In the opinion of management, the accompanying unaudited condensed financial statements contain all accruals and adjustments (each of which is of a normal recurring nature) necessary for a fair presentation of the Company’s financial position as of June 30, 2017 and the results of its operations for the three and nine months then ended. The condensed balance sheet as of September 30, 2016 is derived from the September 30, 2016 audited financial statements. Significant accounting policies have been consistently applied in the interim financial statements and the annual financial statements. The results of operations for the nine and three months ended June 30, 2017 and 2016 are not necessarily indicative of the results to be expected for the entire year.
The financial statements have been prepared assuming that the Company will continue as a going concern, but due to recurring losses from operations and future liquidity needs, there is substantial doubt about the Company’s ability to continue as a going concern. The financial statements do not include any adjustments that might result from the outcome of this uncertainty. Refer to discussion in Note B.
On June 12, 2017, the Company’s shareholders approved a reverse split of the Company’s common stock which became effective on the NYSE American on June 15, 2017. On that date, every twenty five issued and outstanding shares of the Company’s common stock automatically converted into one outstanding share. As a result of the reverse stock split, the number of the Company’s outstanding shares of common stock decreased from 230,127,331 (pre-split) shares to 9,201,645 (post-split) shares. In addition, by reducing the number of the Company’s outstanding shares, the Company’s loss per share in all prior periods will increase by a factor of twenty five. The reverse stock split affected all stockholders of the Company’s common stock uniformly, and did not affect any stockholder’s percentage of ownership interest. The par value of the Company’s stock remained unchanged at $0.01 per share and the number of authorized shares of common stock remained the same after the reverse stock split.

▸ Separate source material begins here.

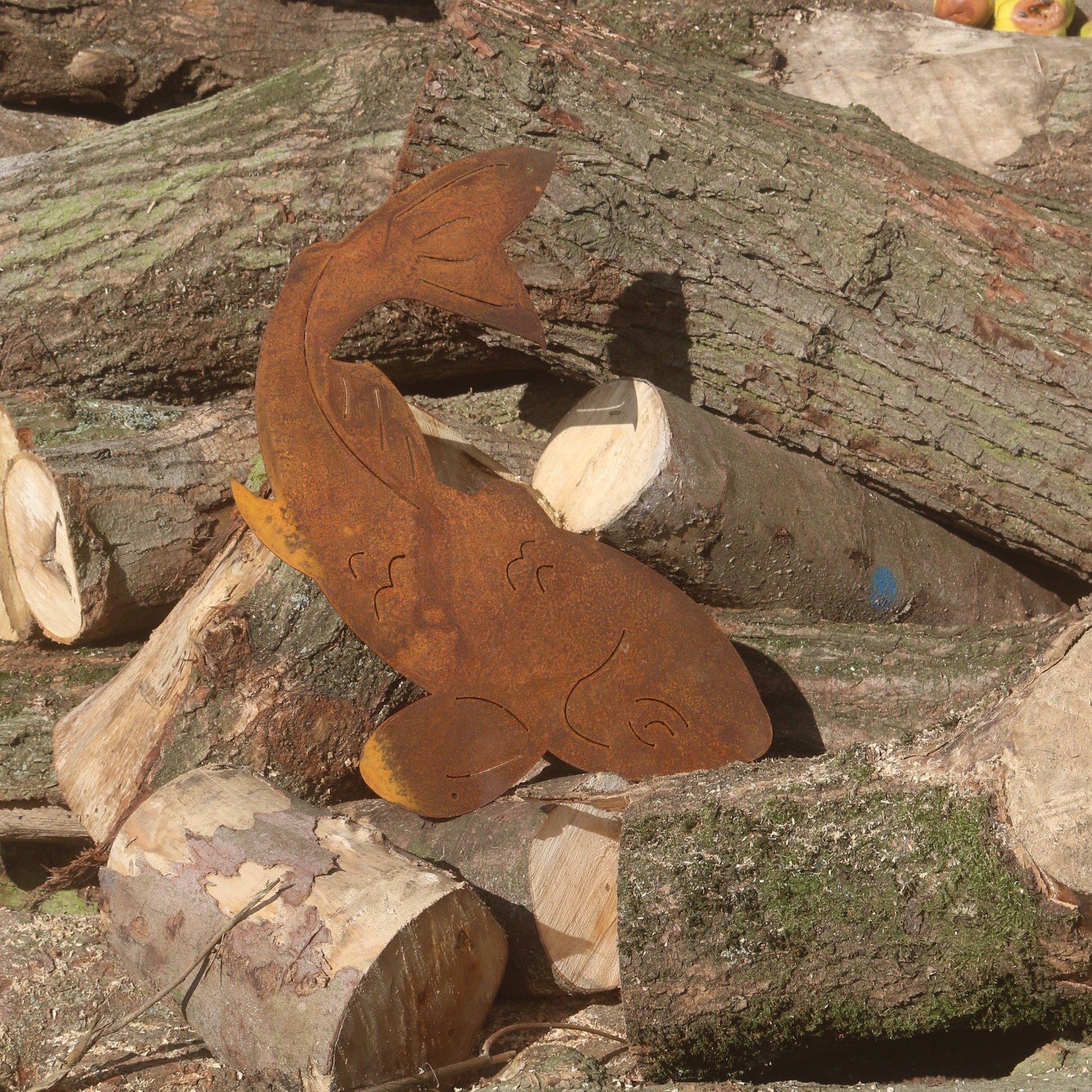 Our original custom design wall mounted koi carp wall art. Designed and manufactured by us in the UK. Cut from mild steel in a rusty finish. It has 2 tabs welded onto the back for easy invisible fixing. The mild steel is designed to weather naturally out in the elements, the beautiful rusty colours and textures will bring a truly organic feel to your garden, planters, flower beds and borders. This item is hand finished, so may differ slightly from the photograph.

As the par value per share of the Company’s common stock remained unchanged at $0.01 per share, a total of $2,204,938 was reclassified from common stock to additional paid-in capital. In connection with this reverse stock split, the number of shares of common stock reserved for issuance under the Company’s incentive and non-qualified stock option plans, as well as the shares of common stock underlying outstanding stock options and warrants, were also proportionately reduced while the exercise prices of such stock options and warrants were proportionately increased. All references to shares of common stock and per share data for all periods presented in the accompanying financial statements and notes thereto have been adjusted to reflect the reverse stock split on a retroactive basis.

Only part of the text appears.